▶ ABOUT THIS TASK
Please output the lines from the one with "Anthony Conetta (Brockport)" through the end of the data exactly as written, omitting all pictures.

▶ DATA FOR REVIEW

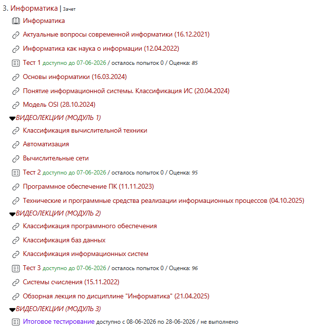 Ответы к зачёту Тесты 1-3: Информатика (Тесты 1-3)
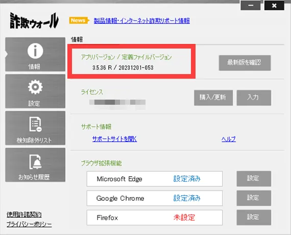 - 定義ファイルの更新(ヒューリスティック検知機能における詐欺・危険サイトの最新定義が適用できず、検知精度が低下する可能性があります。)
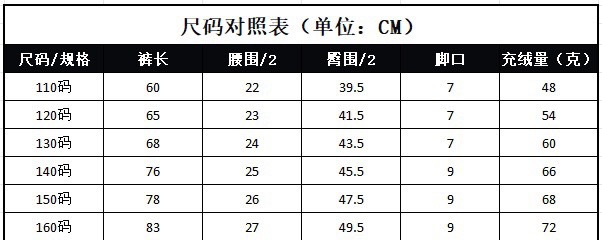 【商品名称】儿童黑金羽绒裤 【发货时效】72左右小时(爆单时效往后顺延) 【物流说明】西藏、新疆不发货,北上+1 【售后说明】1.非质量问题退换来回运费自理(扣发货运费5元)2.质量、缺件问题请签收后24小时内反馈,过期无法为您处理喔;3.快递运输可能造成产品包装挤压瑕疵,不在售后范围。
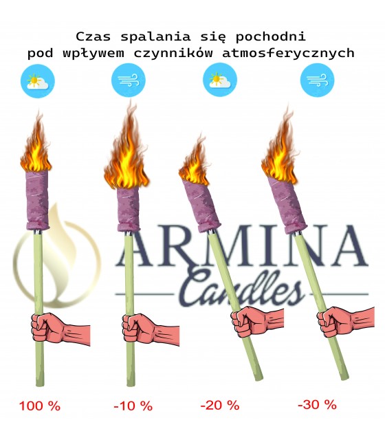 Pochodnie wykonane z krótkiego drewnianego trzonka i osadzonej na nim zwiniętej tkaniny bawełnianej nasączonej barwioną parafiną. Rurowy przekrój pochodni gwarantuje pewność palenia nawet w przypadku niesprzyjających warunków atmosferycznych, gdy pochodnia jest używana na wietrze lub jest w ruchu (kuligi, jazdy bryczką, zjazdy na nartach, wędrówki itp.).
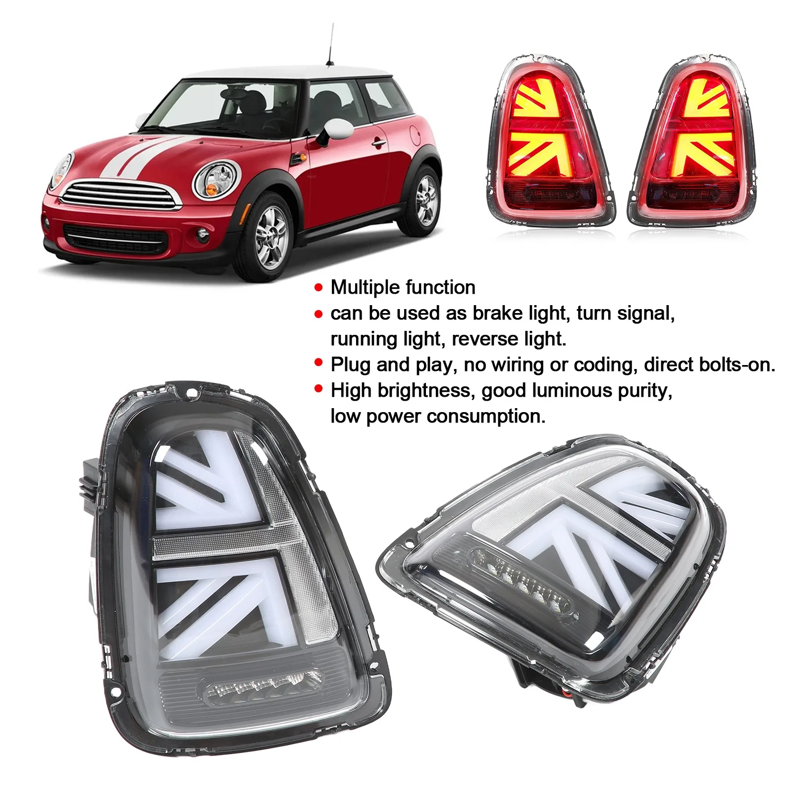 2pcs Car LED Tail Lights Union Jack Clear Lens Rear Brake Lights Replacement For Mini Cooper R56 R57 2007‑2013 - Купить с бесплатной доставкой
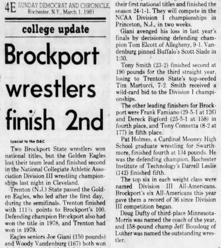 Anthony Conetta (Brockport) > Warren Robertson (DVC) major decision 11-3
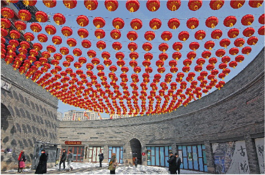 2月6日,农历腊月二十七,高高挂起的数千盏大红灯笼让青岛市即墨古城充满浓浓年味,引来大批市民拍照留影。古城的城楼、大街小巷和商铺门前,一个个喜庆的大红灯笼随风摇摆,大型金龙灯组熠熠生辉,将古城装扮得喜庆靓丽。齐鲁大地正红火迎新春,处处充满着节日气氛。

▶ ANSWER TO THIS PROBLEM
 Anthony Conetta (Brockport) > Warren Robertson (DVC) major decision 11-3
 2月6日,农历腊月二十七,高高挂起的数千盏大红灯笼让青岛市即墨古城充满浓浓年味,引来大批市民拍照留影。古城的城楼、大街小巷和商铺门前,一个个喜庆的大红灯笼随风摇摆,大型金龙灯组熠熠生辉,将古城装扮得喜庆靓丽。齐鲁大地正红火迎新春,处处充满着节日气氛。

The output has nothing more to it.